オープン社会の公正選挙・CPBの経済政策分析とマスメディア

 誰にとっても、予想を上回った結果、しかも、連立交渉の難航を明らかに予測させるため行きのでるような分極化の事態。だが、それでも、誰一人として、選挙の不公正を指摘する声は上がってこない。

 オランダの選挙の公正さは、群を抜いている。有権者が、みなで、公正さを監視している。

 今回の選挙は、そういう中でも、特に、オープン社会の本質を見せつけてくれるようないくつかの特記すべき選挙戦が行われた。

 オランダでは、80年代以来、『経済政策分析局』CPBという機関が、各政党の選挙プログラム(マニフェスト)の実現可能性と経済効果を科学的に分析している。政党プログラムの経済政策の分析は、政党にとっては義務ではなく、自主的な依頼によることを原則にしている。だから、分析を依頼せずに、選挙運動をしても別に違反ではない。しかし、分析があれば、その政党が来る政権で実行しようと思っている政策が、どれほど実現の可能性があり、その効果がどうなるのかがわかるわけであるから、大政党は、堂々と選挙プログラムを提出せざるを得ない、という結果になっている。
 今回の選挙では、その重要性は、これまでのどの選挙にも増して大きかった。
 なぜなら、2015年までに290億ユーロの削減ができるのか、どんな政策でそれを実現するのか、が課題だったからだ。

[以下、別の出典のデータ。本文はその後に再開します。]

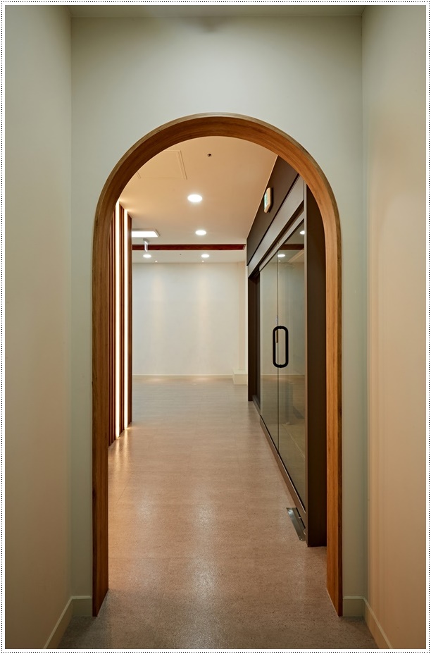 로비에서 왼쪽의 아치형 입구로 들어가면 대표실이 있습니다. 굳이 동선을 나누지 않고 공용 사무실에 공간을 분리해 대표실을 만들 수도 있지만 내부에 내력벽이 있어 철거를 하지 못하는 문제도 있거나 외부 업무가 더 많은 대표님일 경우 잦은 외출이 오히려 직원들의 근무효율을 떨어트릴 수 있기 때문에 이렇게 입구를 따로 계획하는 것도 효과적입니다.

 選挙に先立つこと20日足らず、5月20日に、CPBは8政党の選挙プログラムの経済政策を分析して発表した。
「CPBがやるのは、お墨付きを与えることではない。どこでどんな削減が図られるのか、選択肢を明確にすることだ。選ぶのは有権者だ。選択肢はこんなにある。」と発表されたのが興味深い。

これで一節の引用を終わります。